Is Silicon Valley strangled by SOX?

By Caroline McCarthy, CNET News.com
Friday, January 19, 2007 11:51 AM

The Sarbanes-Oxley Act might be meant to guard against massive white-collar scandals, but the resignation of a high-profile tech veteran suggests the law may also be restricting efficiency atop Silicon Valley's corporate ladder.

Earlier this month, venture capitalist and Netscape founder Jim Clark announced his departure from the board of directors at photo-printing site Shutterfly, where he served as chairman. In his resignation letter, he cited "the constraints imposed by Sarbanes-Oxley on (his) having any significant role on the board" as one of the primary reasons for departure.

It appears that Clark felt Sarbanes-Oxley--commonly known as SOX--had built an insurmountable wall between his status as a major shareholder and investor at Shutterfly, and his role on the board of directors.

"(Sarbanes-Oxley) dictates that I not Chair any committee due to the size of my holdings, not be on the compensation committee because of the loan I once made to the company, (and) not be on the governance committee," he continued in his resignation letter. "It even dictates that some other board member must carry out the perfunctory duties of the Chairman."

In a place like Silicon Valley, renowned for its entrepreneurial spirit and saturated with start-ups that might be the next Google or eBay, a heavy reliance on venture capital means that the line between investor and director is often blurred. SOX's internal controls, therefore, can completely change the corporate dynamic, and Clark's resignation brought to light the possibility that the tech industry may see more resignations like this one.

"Jim Clark is not atypical and not unique," said Steven Kaplan, a professor of entrepreneurship and finance at the University of Chicago's Graduate School of Business. "I have friends who've said they won't go on public (companies') boards," he added, noting that venture capitalists like Clark are often the quickest to bolt from their posts.

Clark declined to further comment on the matter.

Executives and board members have thought of Sarbanes-Oxley as a nuisance, sometimes humorously, since its inception. The law, enacted in July 2002 in the wake of the Enron and WorldCom fiascos, requires better monitoring of auditing and accounting practices and improved boardroom transparency to ensure that a corporate crisis on the scale of Enron's could never take place again.

On the positive side, many shareholders have had their Enron nightmares assuaged; but on the negative side, the governing bodies of public companies have claimed that SOX makes it tough for them to get their jobs done. Most often, they cite the high costs of instituting the infrastructure needed to comply with the act's requirements as well as constraints on how much power can be held by boards of directors and C-level executives. It's a complaint that's heard from just about every kind of public company, but in Silicon Valley, the impact of SOX can be stronger.

An incentive to stay private?
Take the case of veteran investor Tim Draper, whose firm Draper Fisher Jurvetson has a foot in the door at some of tech's biggest recent success stories--Skype, for example, and Chinese search engine Baidu. Openly opposed to SOX, Draper cited the legislation as the reason he dropped off multiple public boards--much like Jim Clark.

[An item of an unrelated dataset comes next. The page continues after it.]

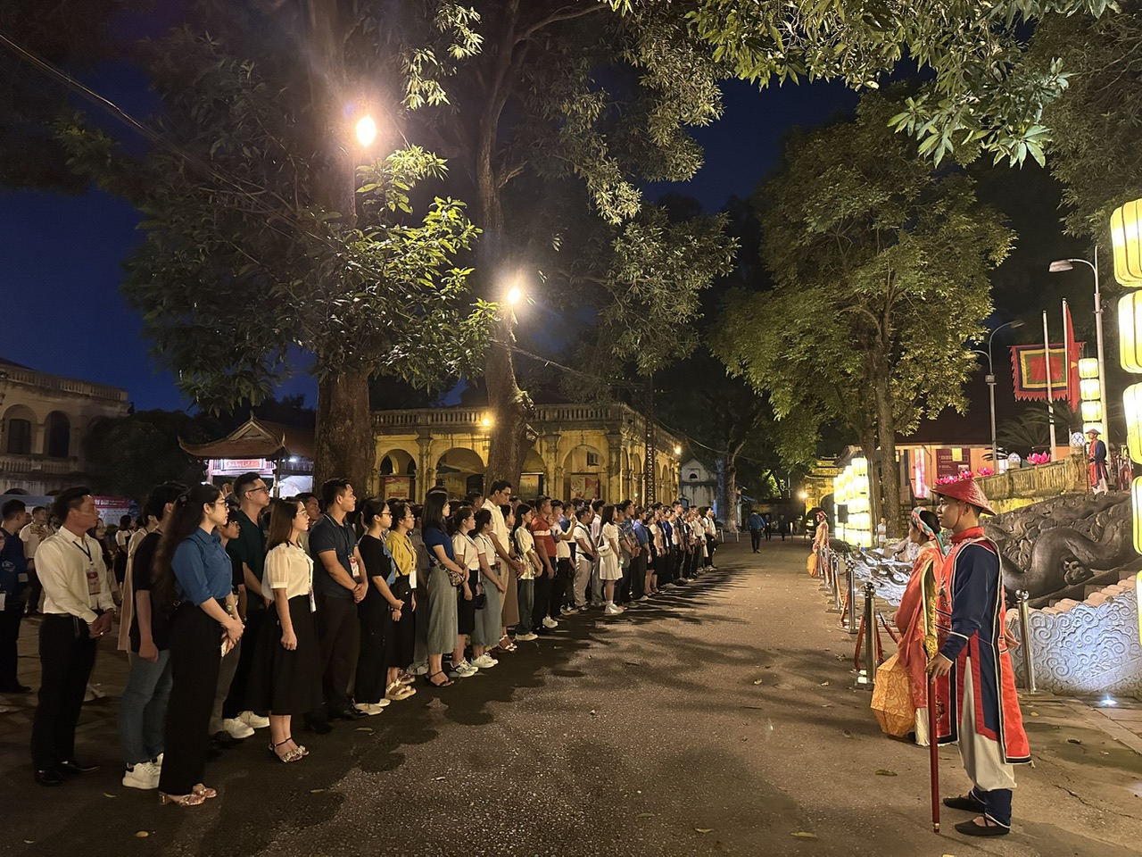 Tại Hoàng thành Thăng Long, các đại biểu được trải nghiệm tour đêm “Đêm Hoàng cung Thăng Long” với nhiều hoạt động hấp dẫn khám phá di sản Hoàng thành Thăng Long-Hà Nội. Không gian Hoàng thành Thăng Long về đêm được trang trí lung linh khiến nhiều đại biểu hào hứng.

"Public boards before SOX were generally tolerable because the team could talk about R&D, and marketing and finance and sales, before the lawyers and accountants took over," he said in an e-mail. "Sarbanes-Oxley was a knee-jerk reaction to Enron, and the repercussions are far more disastrous than Enron was."

Some may find Draper's views on SOX extreme, but he's certainly not alone in his opinion. Restrictions on public companies' activity can be so stringent for an entrepreneurial culture like Silicon Valley's that some tech insiders think that the average company is better off not going public in the first place.

"Clearly being public today is a greater burden on younger companies and their executives, so it's probably better for everyone that these companies stay private," said blogging entrepreneur Jason Calacanis, former head of Weblogs Inc. and current "Entrepreneur in Action" at investment firm Sequoia Capital. According to Calacanis, SOX doesn't even need to be factored into the equation. "The public really doesn't have the skill set and time to invest and track very young companies like angel investors, VCs and private equity folks do," he said.

"There is a culture in Silicon Valley among these high-tech companies, about how things should be done," observed Jay Lorsch, a professor of human relations at Harvard Business School. "They've done things a little differently than other companies over the years." And Lorsch, like the University of Chicago's Kaplan, admitted that SOX can be a pain for those in high places.